■ **TASK OBJECTIVE**
Skip all pictures; return exactly the lines from the one containing "Superstars in the making" through the end of the data.

# # #

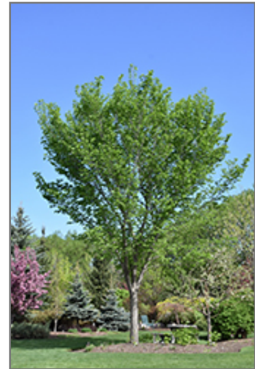
Brandon Elm
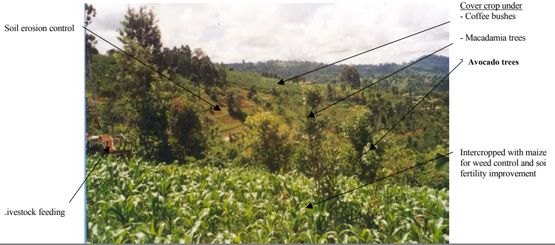
Plate 7. Examples of legume green manure cover crop niches identified by the farmers in Gatanga, central Kenya
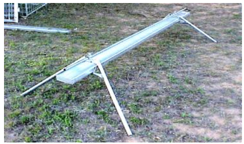
GFE10B - Econo-Trough with no stand bar

EZ410 - EZ Feeder Panel with Hayrack, flap opens and closes to allow them to be contained while pouring the trough. These are great down a center aisle of a barn or fenceline, they keep their heads out of the bucket while pouring the troughs. These can be made in custom sizes and with or without hayracks and walkthrough gates.
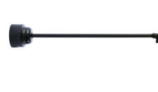
E12 | 40 3/8" x 2"
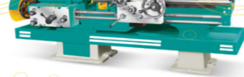
HEAVY DUTY PRECISION LATHE MACHINE UPTO 205MM
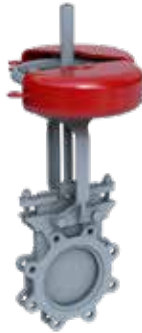
HANDWHEEL LOCK OUT
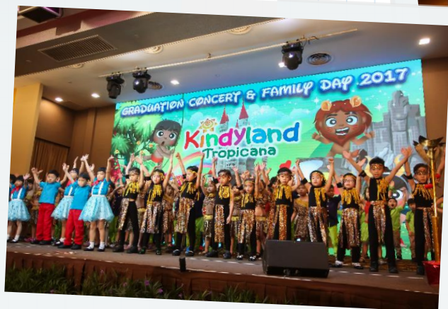
Superstars in the making
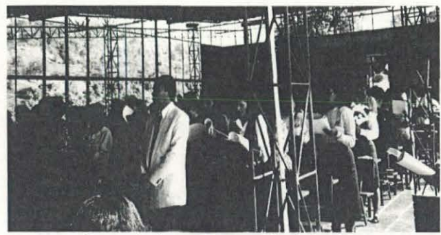
Pastoral wives enjoying Sabbath Services
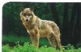
1. a wolf 64 kph
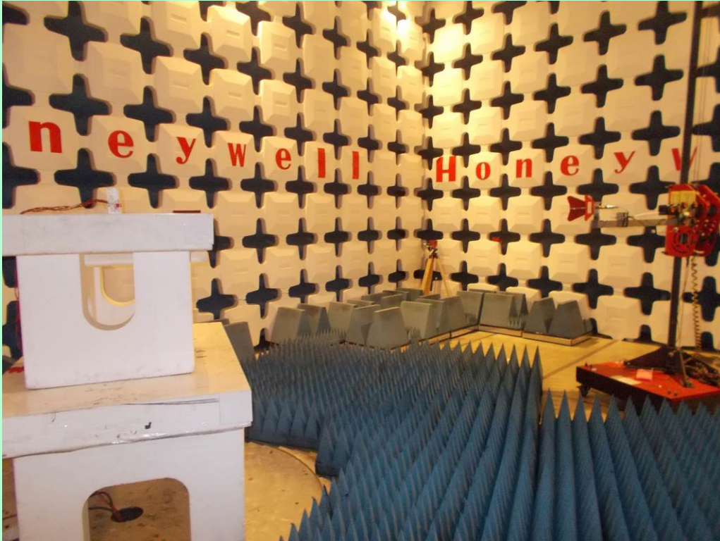
Radiated Emission Setup –1 GHz to 10 GHz [Horizontal Polarization]
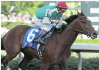
Afleet Alex
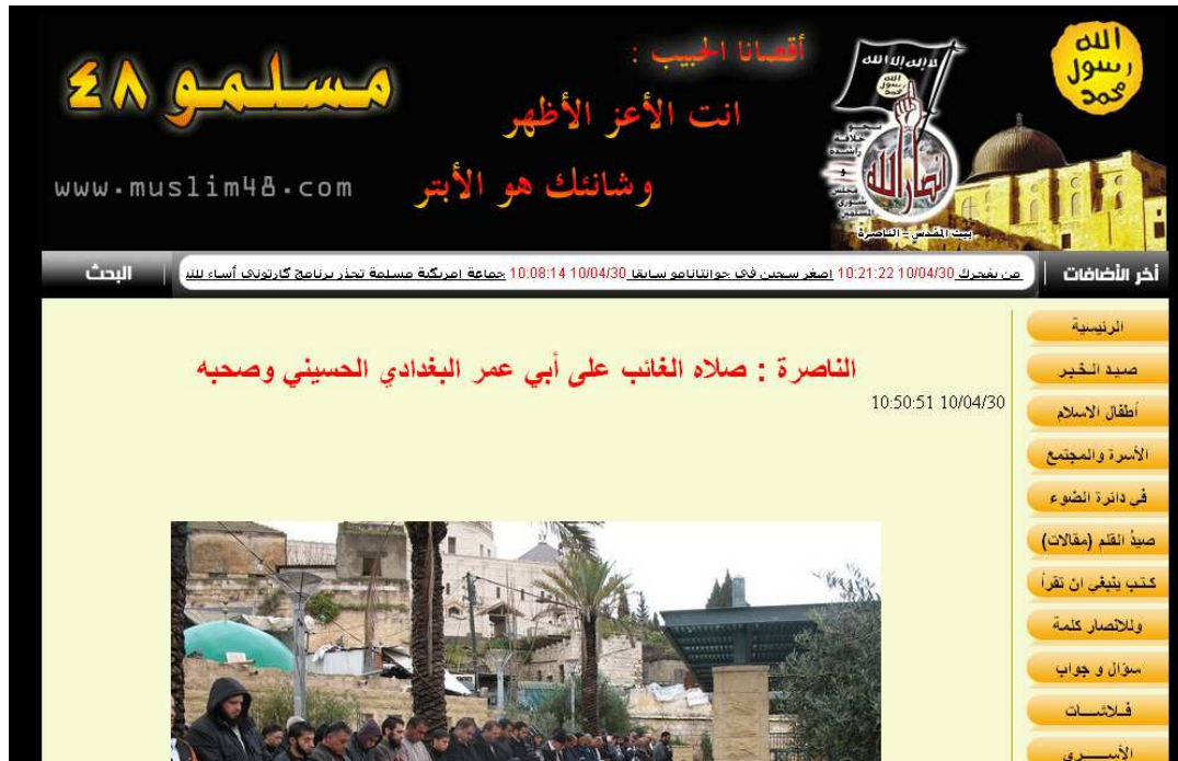
The article's headline as it appeared on the website

It should be noted that the report was quoted in one of the most prominent Jihadi forums in English, "Ansar Al-Mujahideen", 10 as well as in other Jihadi forums in Arabic. 11 On some of these forums it was said that the photograph of the prayer was taken on April 30 th 2010, 12 but other surfers doubt it, claiming the worshipers are seen in winter clothing while it is now spring. 13

# # #

■ **YOUR RESPONSE**
Superstars in the making
Pastoral wives enjoying Sabbath Services
1. a wolf 64 kph
Radiated Emission Setup –1 GHz to 10 GHz [Horizontal Polarization]
Afleet Alex
The article's headline as it appeared on the website

It should be noted that the report was quoted in one of the most prominent Jihadi forums in English, "Ansar Al-Mujahideen", 10 as well as in other Jihadi forums in Arabic. 11 On some of these forums it was said that the photograph of the prayer was taken on April 30 th 2010, 12 but other surfers doubt it, claiming the worshipers are seen in winter clothing while it is now spring. 13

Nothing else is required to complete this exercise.